Two of the positional candidate genes identified in this study, MAP3K1 and LMX1B, have previously been linked with ocular development (27,28). Mutations in LMX1B, which cause nail patella syndrome, are known to cause glaucoma due to abnormal development of the anterior segment of the eye (29). In the LMX1B locus, the top variant showing strongest eQTL effect for LMX1B among analyzed variants in our GWAS was rs10987373, which showed third top association for POAG (PGWAS = 1.31×10−6, r2 with rs10819187 = 0.85 in EAS samples of 1KG). Risk allele of this SNP (G allele) was associated with the increased expression of LMX1B in GTEx, implying that increased level of this gene product might confer the risk of POAG. Nevertheless, considering that the individuals with loss of function variants in LMX1B (Nail–Patella syndrome) was reported to be at higher risk for POAG, these observations appeared to be inconsistent. Further investigations will be needed to clarify the role of LMX1B in the pathogenesis of POAG. MEIS2 interacts with FOXC1, a gene located at a known POAG-susceptibility locus (7), and is expressed in the trabecular meshwork (30). HMGA2 is also important for the development of the eye (31). These results suggest that genes related to ocular development may play a role in POAG pathogenesis. Further analyses that include assessment of eQTL in these ocular tissues will be required to confirm which genes are associated with POAG.

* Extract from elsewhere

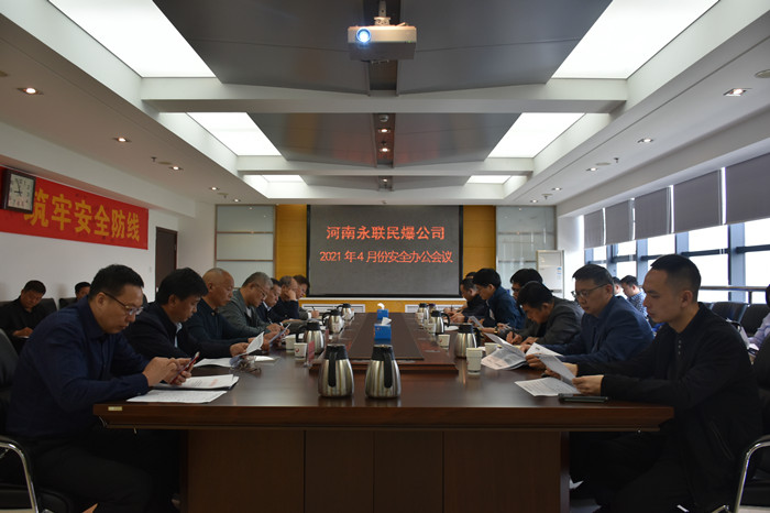 2021年4月29日,河南省永聯民爆器材股份有限公司召開了4月份安全辦公會議,公司領導班子、安委會成員、安委會辦公室成員以及靈寶市、嵩縣、魯山縣、淇縣、登封市、焦作市等6家分公司負責人參加了會議。會議由公司副總經理靳義國主持,公司董事長、總經理劉嵩參加會議并講話。

Although we excluded exfoliation syndrome from POAG cases, we found a significant association of a missense variant in LOXL1 (rs1048661, R141L) with POAG susceptibility. The association between rs1048661 and glaucoma is known to be explained by exfoliation glaucoma in European population (22), however previous meta-analysis of LOXL1 gene polymorphisms (32) suggested the association of rs1048661 with POAG in Asian population (P = 0.03). LOXL1 gene product has been reported to modulate extracellular matrix biogenesis by cross-linking elastin and collagen in connective tissues (33). Elastin is a major component of the elastic fibers of the extracellular matrix of the lamina cribrosa, and deformity of the lamina cribrosa has been postulated to damage retinal ganglion cell axons that penetrate its pores (34). Since rs1048661 is reported to affect the LOXL1 expression (22), LOXL1 dysregulation may have a possibility to alter the structural integrity of retinal ganglion cells and their axons, and resulted in the pathogenesis of POAG.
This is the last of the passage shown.